• [The problem]: In the material below, find the line with "Example of floodplain"; set down that line and every line after it to the end, exactly, without pictures.

• [Task data]:
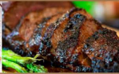
FRIDAYS Beef Tips + Bourbon
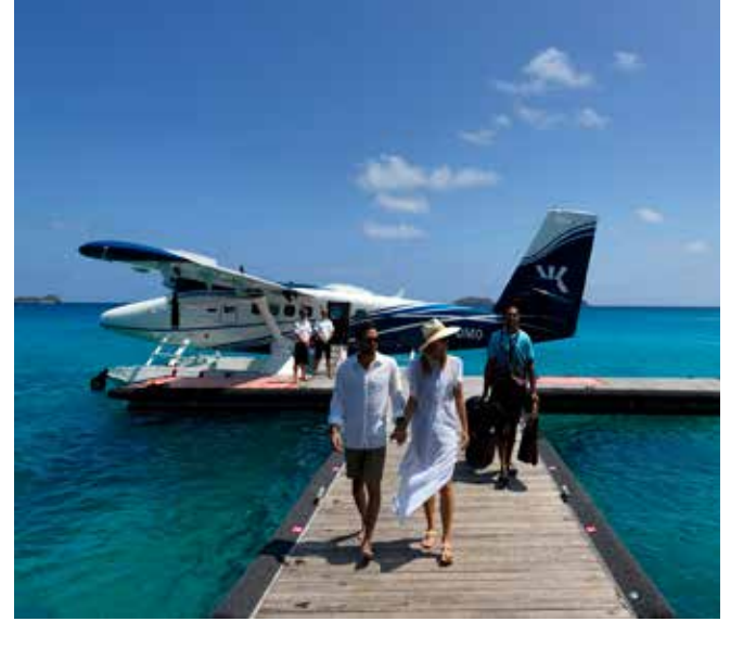
Arriving in style on Kokomo's Twin Otter seaplane.
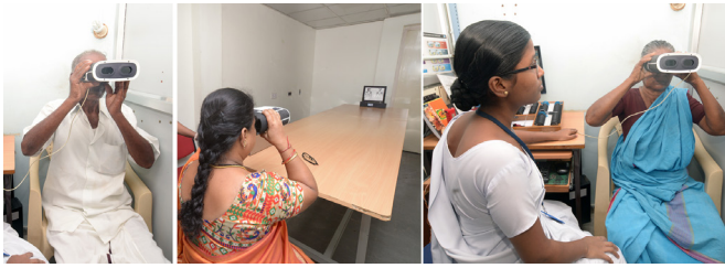
Figure 1 Testing procedure for the wavefront autorefractor. Participants looked through the open-view wavefront autorefractor at a distant back-lit visual acuity chart, while three 10 s videos of wavefront images were recorded by the device. The autorefractor was flipped over to measure the opposite eye. After repeating three times, the system displayed the autorefractor eyeglass prescription.

video was acquired, the device was flipped upside down to measure the opposite eye and the procedure was repeated. The participant was then measured two additional times for a total of three measurements of each eye. After the first interpupillary distance adjustment was made, typically no further adjustments were necessary. The device computed the median of the three measurements and displayed this prescription in the same format as subjective refraction on a companion laptop.
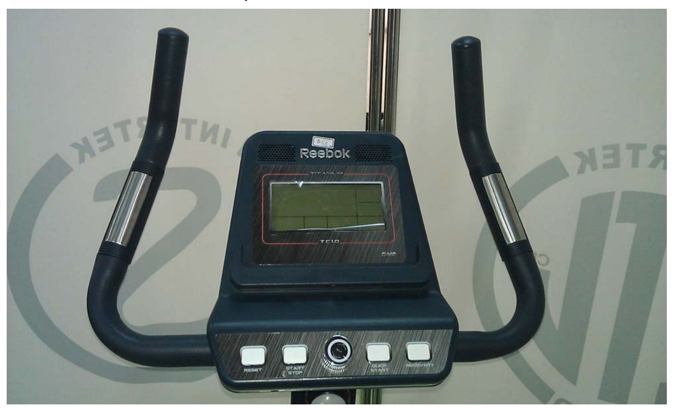
Power connection of RVTT-10101 Titanium TC1.0
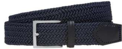
NAVY INDIGO MELANGE
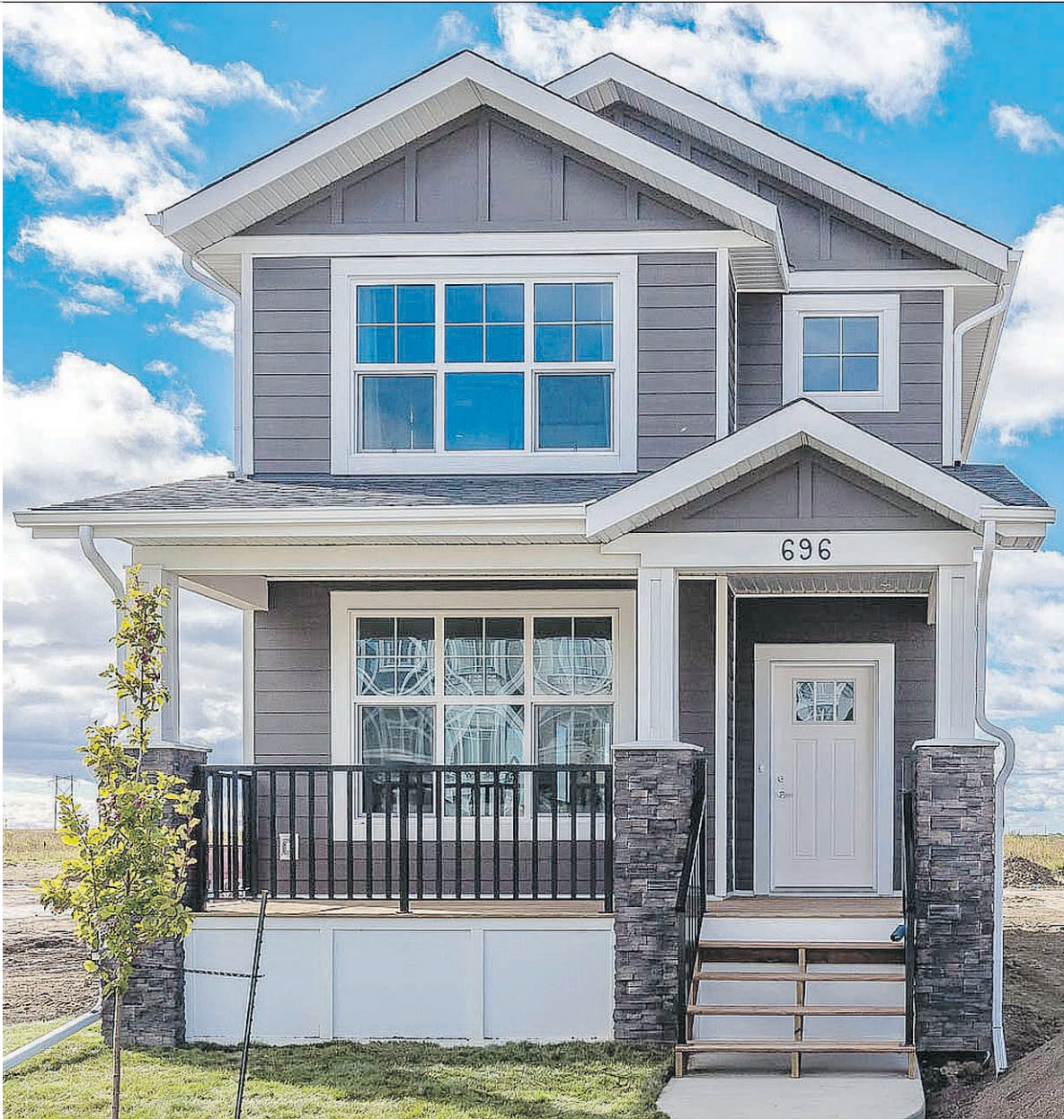
Arbutus Properties' Craftsman-style Morris show home located at 696 Meadows Blvd. is 1,392 square feet and is priced at $349,900. ARBUTUS PROPERTIES

Is your business showing up when it matters?
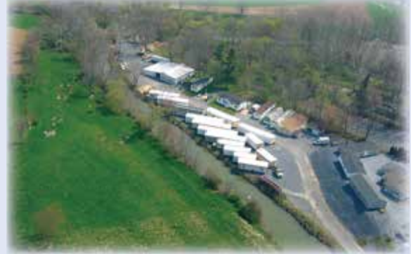
Example of floodplain development & potential safety issues
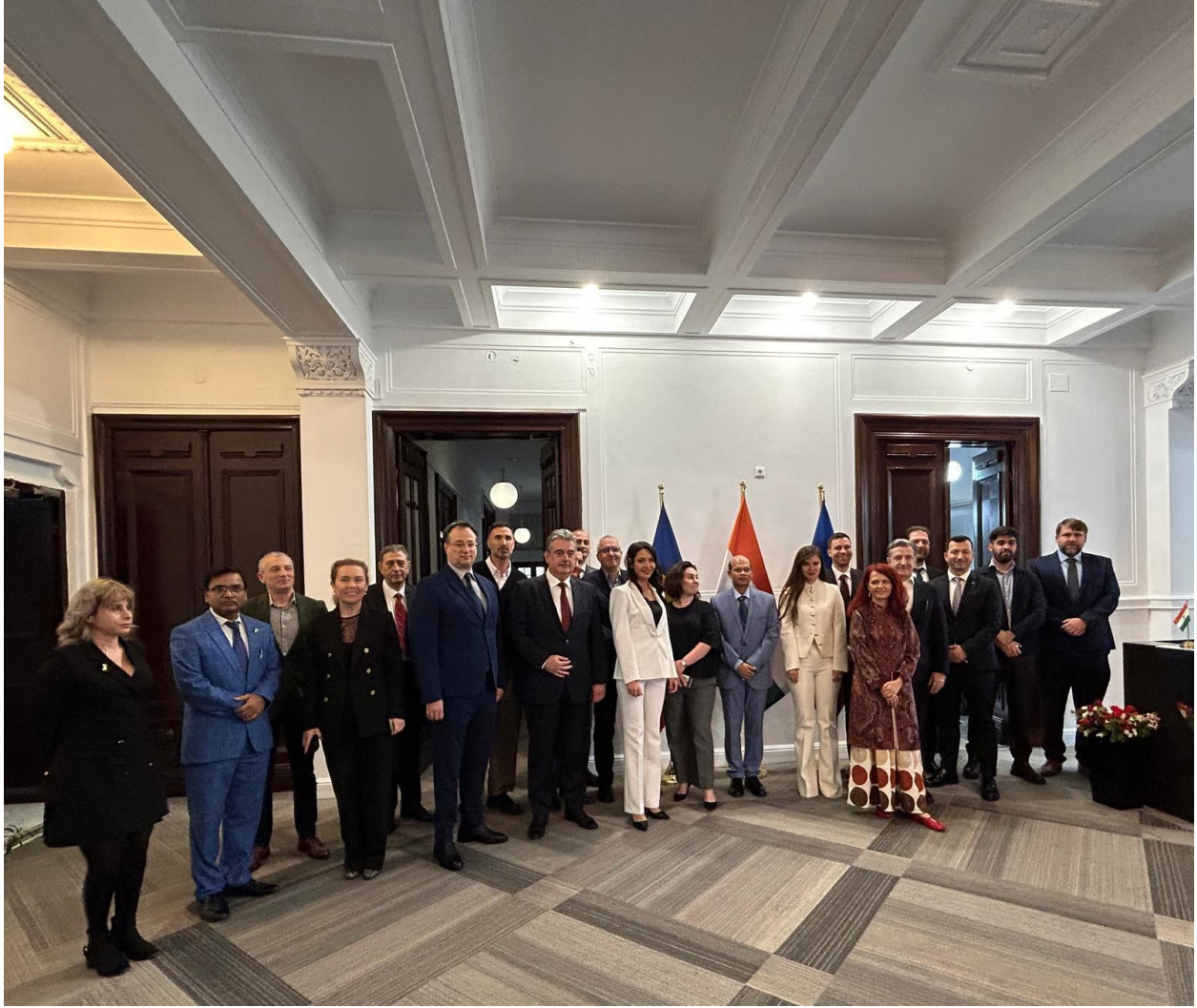
Group photo : Hybrid B2B Meeting on Renewable Energy

• [Output for this task]:
Example of floodplain development & potential safety issues
Group photo : Hybrid B2B Meeting on Renewable Energy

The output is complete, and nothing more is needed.